Collected data entries:

Segment Open

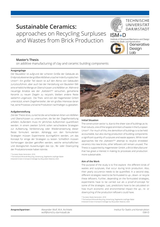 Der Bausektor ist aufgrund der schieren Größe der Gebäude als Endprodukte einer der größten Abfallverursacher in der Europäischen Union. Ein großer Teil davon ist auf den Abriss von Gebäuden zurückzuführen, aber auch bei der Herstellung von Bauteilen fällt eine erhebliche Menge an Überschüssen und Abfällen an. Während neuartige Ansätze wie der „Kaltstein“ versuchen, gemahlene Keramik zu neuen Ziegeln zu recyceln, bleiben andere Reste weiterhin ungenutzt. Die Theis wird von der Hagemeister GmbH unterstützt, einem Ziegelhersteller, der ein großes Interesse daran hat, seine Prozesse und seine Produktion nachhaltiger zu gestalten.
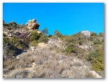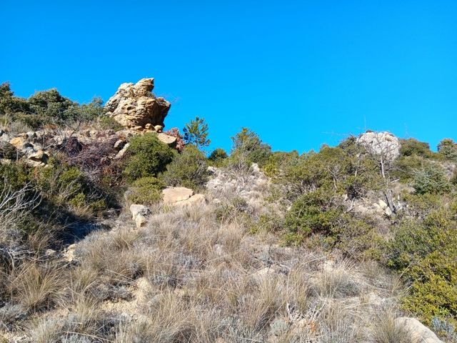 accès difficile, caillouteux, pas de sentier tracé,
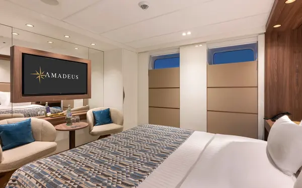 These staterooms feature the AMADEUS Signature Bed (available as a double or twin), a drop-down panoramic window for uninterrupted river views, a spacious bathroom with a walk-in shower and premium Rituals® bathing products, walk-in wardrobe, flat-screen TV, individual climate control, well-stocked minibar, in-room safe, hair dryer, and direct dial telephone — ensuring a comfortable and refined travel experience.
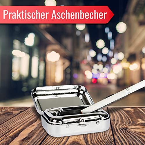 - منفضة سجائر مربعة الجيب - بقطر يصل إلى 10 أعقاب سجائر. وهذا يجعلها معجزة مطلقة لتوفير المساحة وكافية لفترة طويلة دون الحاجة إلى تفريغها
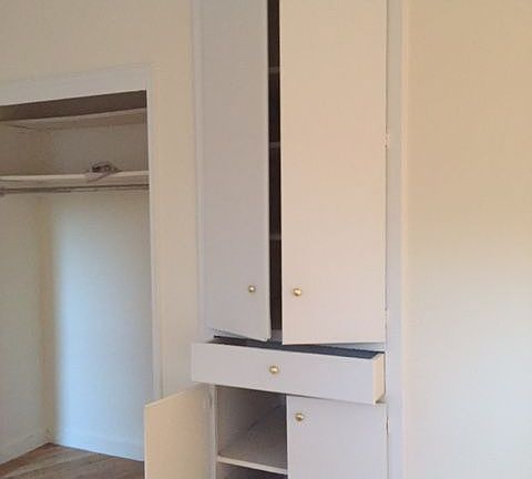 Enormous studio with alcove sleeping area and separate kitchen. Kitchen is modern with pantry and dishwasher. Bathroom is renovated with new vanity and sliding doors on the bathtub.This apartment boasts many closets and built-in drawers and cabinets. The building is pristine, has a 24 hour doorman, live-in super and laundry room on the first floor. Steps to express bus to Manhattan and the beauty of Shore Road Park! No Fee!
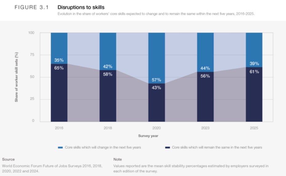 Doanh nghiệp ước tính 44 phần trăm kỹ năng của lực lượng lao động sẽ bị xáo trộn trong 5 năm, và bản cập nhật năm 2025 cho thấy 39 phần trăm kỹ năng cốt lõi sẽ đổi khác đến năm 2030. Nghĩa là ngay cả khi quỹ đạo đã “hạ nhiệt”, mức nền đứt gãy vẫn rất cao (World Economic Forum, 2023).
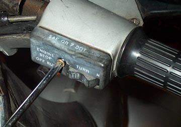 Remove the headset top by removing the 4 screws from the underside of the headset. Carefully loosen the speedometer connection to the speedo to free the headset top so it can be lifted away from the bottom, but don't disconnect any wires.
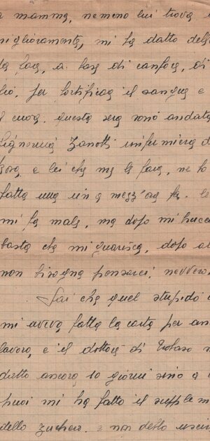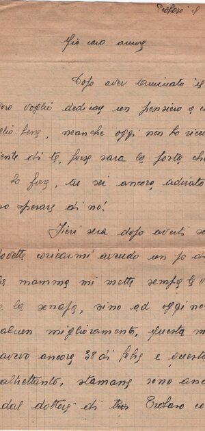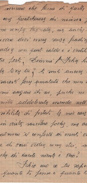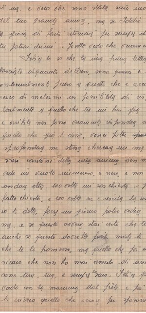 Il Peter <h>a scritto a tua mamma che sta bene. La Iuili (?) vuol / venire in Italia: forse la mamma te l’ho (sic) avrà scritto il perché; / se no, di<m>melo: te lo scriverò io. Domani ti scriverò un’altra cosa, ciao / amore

Segment Closed

About this task>
The copy should hold every entry above word for word and none of the pictures.

Task solution>
 Der Bausektor ist aufgrund der schieren Größe der Gebäude als Endprodukte einer der größten Abfallverursacher in der Europäischen Union. Ein großer Teil davon ist auf den Abriss von Gebäuden zurückzuführen, aber auch bei der Herstellung von Bauteilen fällt eine erhebliche Menge an Überschüssen und Abfällen an. Während neuartige Ansätze wie der „Kaltstein“ versuchen, gemahlene Keramik zu neuen Ziegeln zu recyceln, bleiben andere Reste weiterhin ungenutzt. Die Theis wird von der Hagemeister GmbH unterstützt, einem Ziegelhersteller, der ein großes Interesse daran hat, seine Prozesse und seine Produktion nachhaltiger zu gestalten.
 accès difficile, caillouteux, pas de sentier tracé,
 These staterooms feature the AMADEUS Signature Bed (available as a double or twin), a drop-down panoramic window for uninterrupted river views, a spacious bathroom with a walk-in shower and premium Rituals® bathing products, walk-in wardrobe, flat-screen TV, individual climate control, well-stocked minibar, in-room safe, hair dryer, and direct dial telephone — ensuring a comfortable and refined travel experience.
 - منفضة سجائر مربعة الجيب - بقطر يصل إلى 10 أعقاب سجائر. وهذا يجعلها معجزة مطلقة لتوفير المساحة وكافية لفترة طويلة دون الحاجة إلى تفريغها
 Enormous studio with alcove sleeping area and separate kitchen. Kitchen is modern with pantry and dishwasher. Bathroom is renovated with new vanity and sliding doors on the bathtub.This apartment boasts many closets and built-in drawers and cabinets. The building is pristine, has a 24 hour doorman, live-in super and laundry room on the first floor. Steps to express bus to Manhattan and the beauty of Shore Road Park! No Fee!
 Doanh nghiệp ước tính 44 phần trăm kỹ năng của lực lượng lao động sẽ bị xáo trộn trong 5 năm, và bản cập nhật năm 2025 cho thấy 39 phần trăm kỹ năng cốt lõi sẽ đổi khác đến năm 2030. Nghĩa là ngay cả khi quỹ đạo đã “hạ nhiệt”, mức nền đứt gãy vẫn rất cao (World Economic Forum, 2023).
 Remove the headset top by removing the 4 screws from the underside of the headset. Carefully loosen the speedometer connection to the speedo to free the headset top so it can be lifted away from the bottom, but don't disconnect any wires.
 Il Peter <h>a scritto a tua mamma che sta bene. La Iuili (?) vuol / venire in Italia: forse la mamma te l’ho (sic) avrà scritto il perché; / se no, di<m>melo: te lo scriverò io. Domani ti scriverò un’altra cosa, ciao / amore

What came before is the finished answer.